Kate Sheppard was strong on equal pay, in the 1870s. The first wave was more focussed on equal pay for the same job, rather than work of equal value; but they were also discussing women being regarded as dependents, when they were were married and raising families. In the census they were classified as dependents, while they were really doing important work. So right back in the first wave, there was certainly attention on women’s work, paid and unpaid, and pay levels being lower. So it has always been there. It’s had times when it’s been hotter and colder, in terms of feminist action.
Things didn’t quieten down as much as people say they did in the twenties and thirties, after women got the vote. Of course – they couldn’t be in parliament at that point, though they could vote. But it was post second world war that everything really got going again in a big way: women had been drafted in WWII into all sorts of jobs that they hadn’t done before, because it had been regarded as ‘men’s work’, but they did it perfectly capably.
Then when men came back from the war, women were eased out again back to the home; I think that all started to raise people’s consciousness, like mad. There was the second wave, and women getting fed up that they were raising the kids – suburban neurosis, and all that stuff. Everything started waking up and it was in the 1950s that it started to become a definite campaign. There was stuff in the public sector to start with – the public sector got equal pay long before the economy as a whole.
The first Act was 1960: that was the Government Service Equal Pay Act. That was a big advance – it took another twelve years to get into the private sector with a commission of inquiry, and God knows what else! Finally, the National government, ironically, brought in the Equal Pay Act in 1972. It was implemented between 1972 and ’77, in the private sector. Where businesses were paying women less for identical work, that pay gap had to be phased out, over that five years.
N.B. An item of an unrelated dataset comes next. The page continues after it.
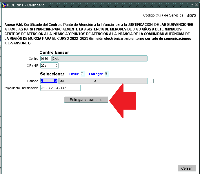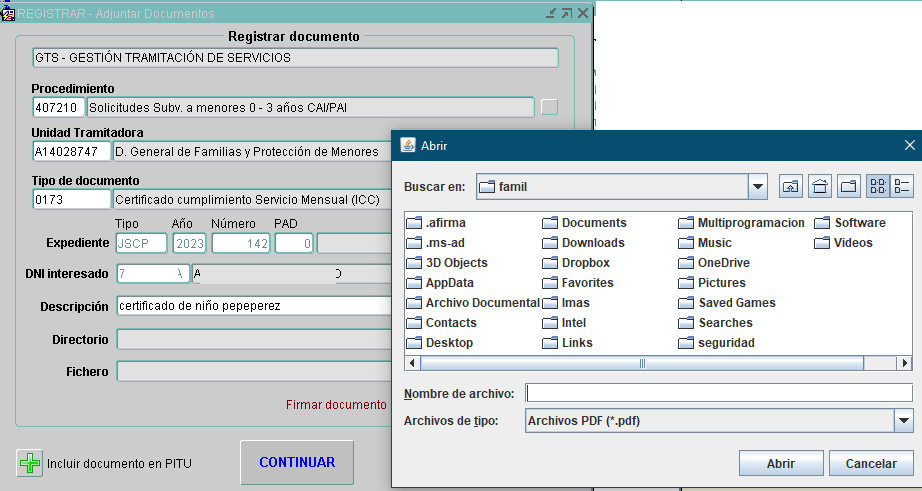 Con el botón de ENTREGAR DOCUMENTO continuaremos con el proceso de adjuntar documentos. Nos mostrará un formulario de entrega de datos interior, donde nos aparecerán una serie de datos rellenos, el sistema tan solo nos pedirá que metamos una breve descripción del documento a adjuntar, como por ejemplo: «certificado del niño perez perez». Una vez concluido, pulsaremos el botón CONTINUAR.

It wasn’t until ’72 that there were even statistics on what women’s pay was. There were awards and agreements, which was the way the labour market worked for the unionised labour force (and unionisation was high, then: around 60%). By ’77 they had the statistics that showed how the pay gap for identical work had narrowed quite a lot, during that period. It was reasonably well done: equal pay for identical work was never implemented totally, but the most glaring evidence of it was got rid of at that time.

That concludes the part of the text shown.